Ai due questori originali, eletti annualmente a partire dal V secolo a.C., se ne aggiunsero in seguito altri due con il ruolo di assistenti dei consoli nella gestione della tesoreria militare. Ai questori urbani erano assegnati anche altri compiti di natura economica e finanziaria, come la partecipazione alla riscossione delle imposte in collaborazione con il Senato.
Il numero dei questori aumentò progressivamente durante tutta l'età repubblicana, raggiungendo la cifra di venti alla fine di questo periodo. Sebbene il nome sia simile, questi magistrati non sembrano essere collegati ai cosiddetti quaestores parricidii, i quali erano invece incaricati delle indagini e della punizione del reato di omicidio in età regia.
Censori
Sebbene la tradizione attribuisca al re Servio Tullio l'introduzione del censimento, la creazione della censura come magistratura avvenne nel 443 a.C. Questa carica, inizialmente considerata minore, acquisì un'importanza tale da porre sotto il suo controllo i costumi (cura morum), le questioni d'onore e le regole di condotta del popolo romano.
Il censore non si limitava a vigilare sulla morale pubblica, ma poteva sanzionare qualsiasi violazione delle norme sacre e delle leggi, sia in ambito civile che militare. La censura era una magistratura collegiale; i due censori venivano eletti nei comizi centuriati e la loro potestà era confermata da una specifica lex de potestate censoria. I titolari di questa carica godevano di immenso prestigio e onore sociale, tanto che venivano scelti tra gli ex-consoli, rappresentando il culmine della loro carriera politica (cursus honorum).
I censori erano eletti ogni cinque anni e restavano in carica per diciotto mesi. La loro missione principale era la redazione del censimento. Ogni pater familias doveva presentare una dichiarazione giurata a un censore riguardo al proprio patrimonio, all'età, alle persone sotto la sua potestà e ad altri dati anagrafici. Sulla base di questa dichiarazione, si procedeva alla suddivisione del popolo in tribù e centurie.
I censori potevano aggiungere una valutazione sulla reputazione o sulle azioni disonorevoli di un cittadino, come il comportamento religioso, il trattamento degli schiavi o la cura dell'infanzia. Questa valutazione negativa, chiamata nota censoria, veniva scritta accanto al nome del cittadino e poteva comportare un cambio di centuria o tribù, o addirittura l'espulsione dal Senato. Poiché i censori avevano diritto di veto reciproco, l'inclusione della nota richiedeva il consenso di entrambi.
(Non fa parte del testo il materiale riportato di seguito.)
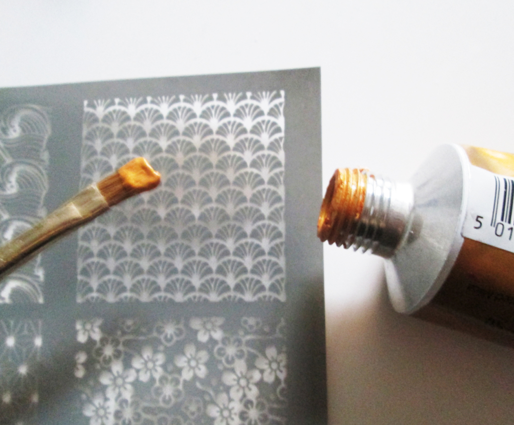 Poser le pochoir sur le nuage. J’ai choisi le motif géométrique. Puis, à l’aide du pinceau, déposer une fine couche de peinture acrylique dorée.

Al termine del censimento si svolgeva una solenne cerimonia religiosa di purificazione (lustrum). Il censimento era, quindi, la base per la tassazione di ogni cittadino e per la composizione dell'esercito. Altre funzioni dei censori includevano l'alienazione di beni pubblici e la concessione di appalti per servizi e opere pubbliche, influenzando profondamente le finanze dello Stato.